Crisp-tender beans in a glossy garlic-honey glaze. Honey Garlic Green Beans – extra thick delivers bold flavor in minutes. Try this easy side tonight.
Meet your new go-to veggie side: a skillet full of crisp-tender green beans tossed in a glossy glaze that tastes like takeout but cooks faster than your oven preheats. If you love sticky-sweet, garlicky sauces that cling to every bite, you’ll flip for Honey Garlic Green Beans – extra thick. This is the kind of quick win that upgrades any protein, from roasted chicken to tofu, without breaking a sweat.

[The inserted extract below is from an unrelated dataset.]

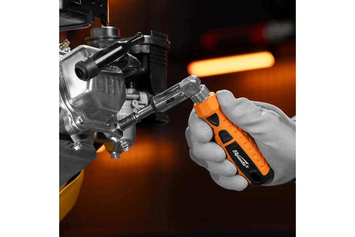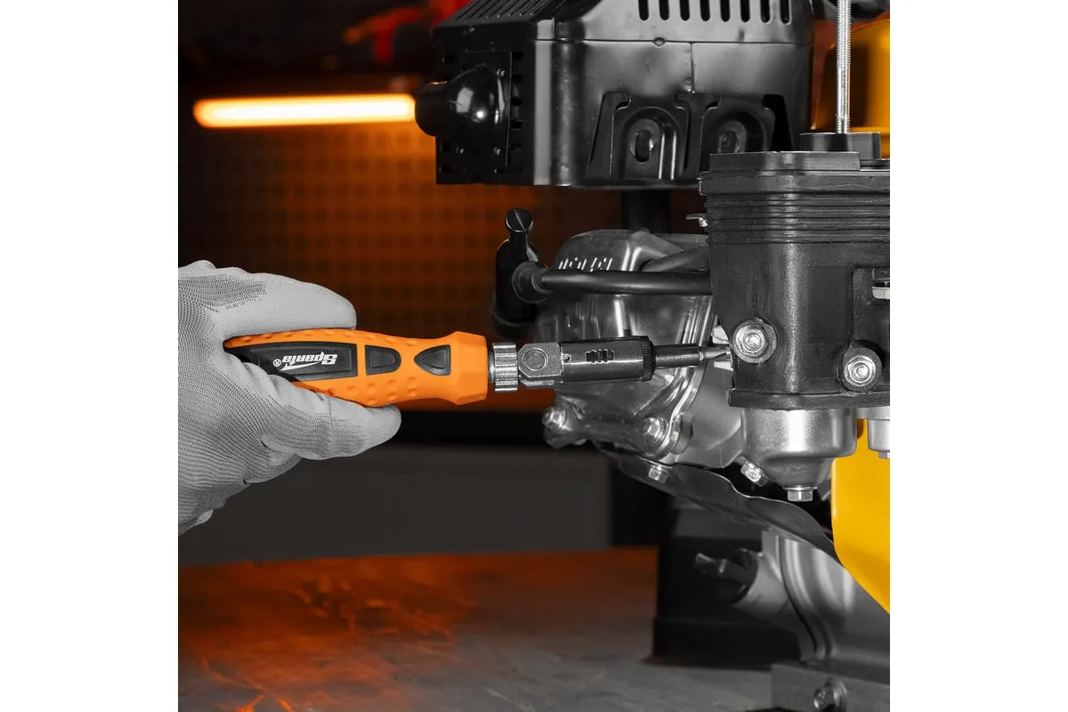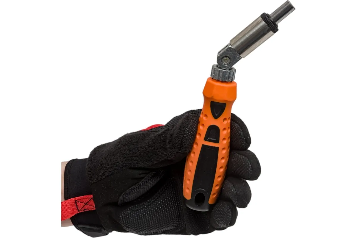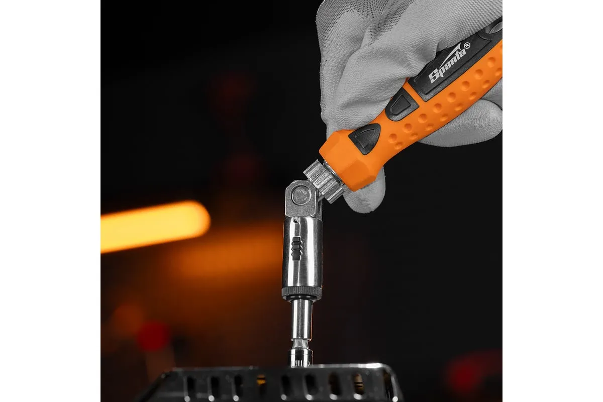 Реверсивная отвертка с шарниром, битами и головками 19 шт SPARTA 115545 активно используется для монтажных и демонтажных работ с крепежными элементами, имеющими различные профили: SL, PH, Torx и шестигранники. Набор имеет расширенную комплектацию, он включает в себя 18 насадок. Все компоненты удобно упакованы в специальный пластиковый бокс.

Honey Garlic Green Beans – extra thick
This recipe doubles down on texture: the beans stay snappy while the sauce is deliberately thick, almost lacquered. The secret is two-fold. First, high heat gives you a quick sear and a bit of blister. Second, a small cornstarch slurry transforms a simple honey–soy–garlic mixture into a shiny glaze that hugs every bean. It’s weeknight-easy, holiday-worthy, and wildly adaptable.

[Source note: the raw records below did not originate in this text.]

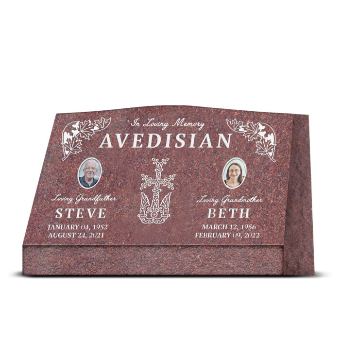 Slant headstones feature an angled face that offers excellent visibility while maintaining a compact, graceful profile. Their bold yet elegant design provides a timeless tribute to your loved one.
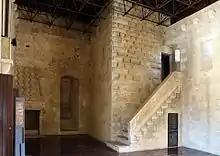 Depuis la porte principale, avec son arc en ogive, on entre dans la cour trapézoïdale, où se trouvent l'escalier menant à l'étage supérieur ainsi que les différentes pièces du rez-de-chaussée. L'escalier présente des bas-reliefs représentant des animaux et des scènes de chasse.
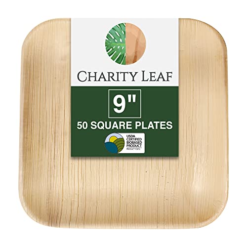 Charity Leaf Disposable Palm Leaf 9" Square Plates (50 pieces) Bamboo Like Serving Platters, Disposable Boards, Eco-Friendly Dinnerware For Weddings, Catering, Events
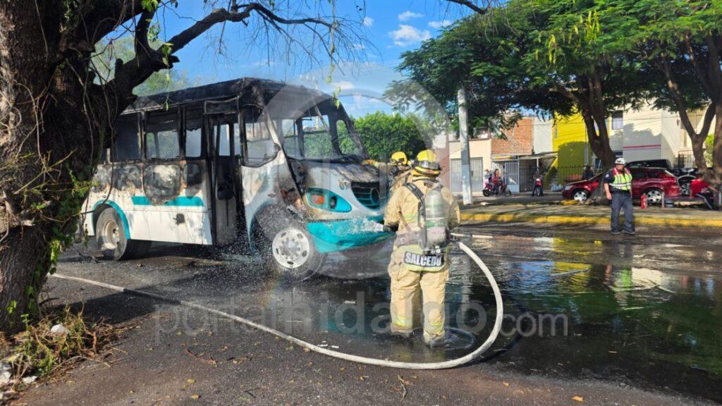 Zamora, Mich.-La tarde de este viernes, un camión de pasajeros ardió en llamas en el Infonavit Arboledas Tercera Sección de esta ciudad. En el lugar de los hechos varias personas informaron que desconocidos en motocicleta provocaron el incendió, sin embargo, el departamento de comunicación social del ayuntamiento local refiere que se trató de un cortó circuito.

Serve it alongside salmon, steak, pork chops, or a bowl of steamed rice and a fried egg. And if you’re planning an entire menu, peek at Easy Weeknight Dinners and our collection of Vegetable Sides for more ideas.
Why You’ll Love It
- Fast: 20–25 minutes start to finish, with a single skillet.

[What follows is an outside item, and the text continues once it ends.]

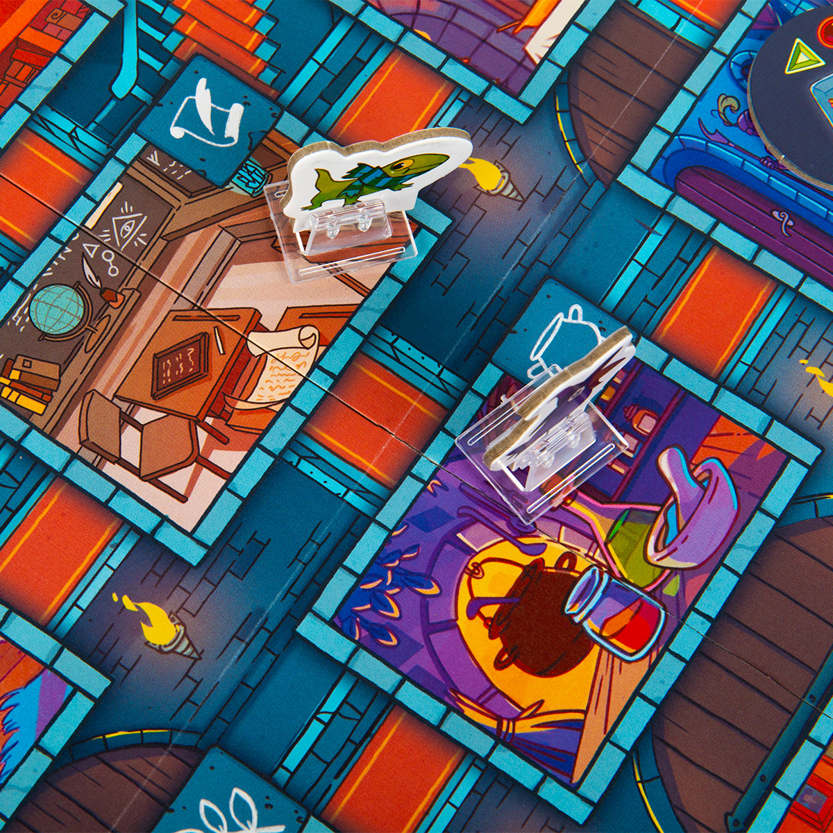 1 Игрок передвигает фигурку 1 любого фамильяра в любую соседнюю комнату, соблюдая правила передвижения.
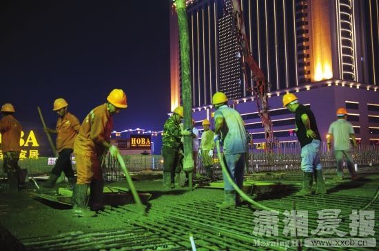 8月15日晚8時(shí),長沙萬家麗廣場對面,一輛水泥罐車開進(jìn)萬家麗路與荷花路交會(huì)處東南角。接著這輛罐車伸出高高的手臂,連續(xù)不斷地向萬家麗路高架輸送預(yù)拌混凝土,數(shù)十名工程技術(shù)人員在綁扎好鋼筋的最后一跨箱梁上嫻熟操作。上海城建市政集團(tuán)萬家麗路快速化改造工程項(xiàng)目副總指揮、項(xiàng)目經(jīng)理傅建平透露,15日晚8時(shí)至16日上午10時(shí),十名工程技術(shù)人員要完成120米橋面混凝土澆筑,到16日上午10時(shí),萬家麗路快速化高架主線結(jié)構(gòu)全面貫通。今年國慶節(jié),作為湖南長沙乃至湖南首條按照快速化改造的高架橋,將實(shí)現(xiàn)全面竣工通車。

- Extra-thick glaze: A quick slurry yields that coveted sticky, glossy finish.
- Crisp-tender beans: High heat keeps their color and snap intact.
- Flexible: Easy swaps for vegan, gluten-free, and spice levels.
- Make-ahead friendly: The sauce can be mixed in advance; beans reheat well for meal prep.
- Family-approved: Balanced sweet-savory flavor with adjustable heat.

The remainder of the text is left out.